Que [...] le gouvernement devrait [...] reconnaître qu'il faille endiguer le climat de haine et de peur [et] établir une approche pangouvernementale pour la réduction ou l’élimination du racisme et de la discrimination religieuse systémiques [...] au Canada [...]
    Nous avons tous été élus par les Canadiens d'un bout à l'autre du pays, chacun de nous, et bien que je comprends que nous vivons dans un monde complexe et cruel, nous mettons l'accent sur ce que nous pouvons faire pour notre pays en tant que dirigeants au Parlement.

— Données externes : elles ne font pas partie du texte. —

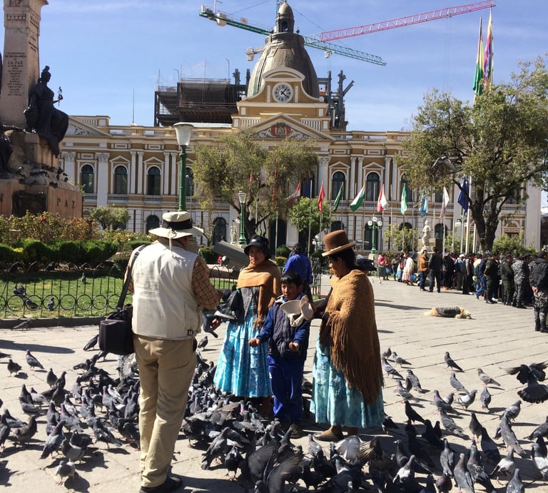 La Plaza Murillo es el corazón histórico de La Paz. Aquí veréis el Palacio Presidencial, la Catedral Metropolitana y otros edificios históricos. Alrededor de la plaza, el bullicio de vendedores ambulantes, artistas y transeúntes os dará una primera impresión del ritmo paceño. Pasead por las calles empedradas del casco antiguo, como la calle Jaén, famosa por su arquitectura colonial y sus pequeños museos y galerías de arte. Esta es la mejor toma de contacto y un punto de partida típico de toda visita a la capital.
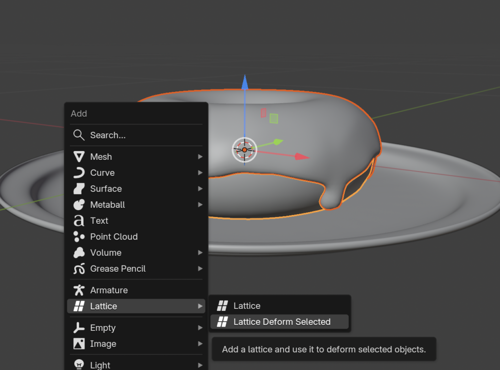 Blender Basic Modelling Tutorial part4 Blender 2025.12.21 目次 チュートリアルポイントLattice感想 チュートリアル ポイント Lattice ドーナツとアイシングを選択 shift + a > Lattice >Lattice Deform Selected 頂点を増やす Screenshot PSのワープツールのように変形させる 非破壊! 非破壊で変形を行えるが、今回はapplyする 感想 Latticeツールで非破壊変形は強い! 肌や食べ物など、光が表面で100%反射しないものはsubserfaceの設定をいれるとよい

    Je crois que je vous ai peut-être mal compris. Avez-vous dit que le Canada ne défend pas les droits des minorités au pays?
    Oui, monsieur. J'ai dit qu'on ne défend pas activement les droits des minorités, en effet.

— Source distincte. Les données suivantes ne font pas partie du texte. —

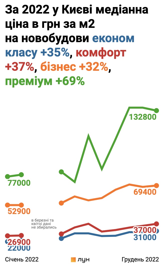 Квадратний метр комфорт-класу коштує в середньому 37 тисячі гривень, що на 37% дорожче, ніж торік. У Львові — 38,3 тисячі, що дорожче на 60%. Більш як у півтора раза зросли ціни в Ужгороді, Івано-Франківську та Одесі.
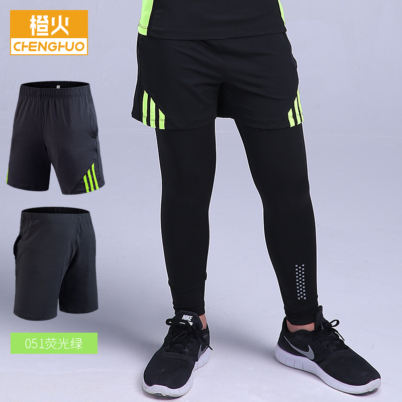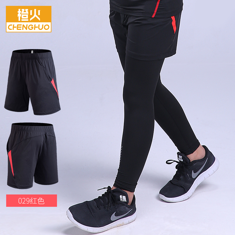 Orange Fire Children Training Shorts in Big Child Leisure Speed Fast Dry Sports Pants Running Fitness Summer

    Je suis abasourdi par cette affirmation. Pouvez-vous la décortiquer un peu plus?
    Bien sûr, tout à fait. Je viens tout juste de vous lire de quelle façon la société égyptienne fonctionne. Je n'ai pas entendu le Canada critiquer la manière dont la société égyptienne en général...
    Une critique de la société égyptienne?
    Il en va de même pour toute société musulmane, y compris le Pakistan et l'Indonésie, qui vient de déposer une motion relative au blasphème contre le seul gouverneur chrétien ayant réussi à être élu là-bas.
    Quelle a été la position du gouvernement canadien dans tous ces cas?
    Avec tout le respect que je vous dois, docteur Emil, je suis persuadé que vous avez entendu parler de la Charte des droits et libertés, n'est-ce pas?
    Oui, bien sûr.
    Chaque Canadien a des libertés fondamentales, qu'il s'agisse de la liberté de conscience, de religion, de pensée, de croyance, d'expression, de presse et de culte. Les Canadiens peuvent vénérer le dieu qu'ils veulent, sans égard à leur origine ethnique ou appartenance à une communauté autochtone. Chaque Canadien qui vit ici jouit des mêmes droits.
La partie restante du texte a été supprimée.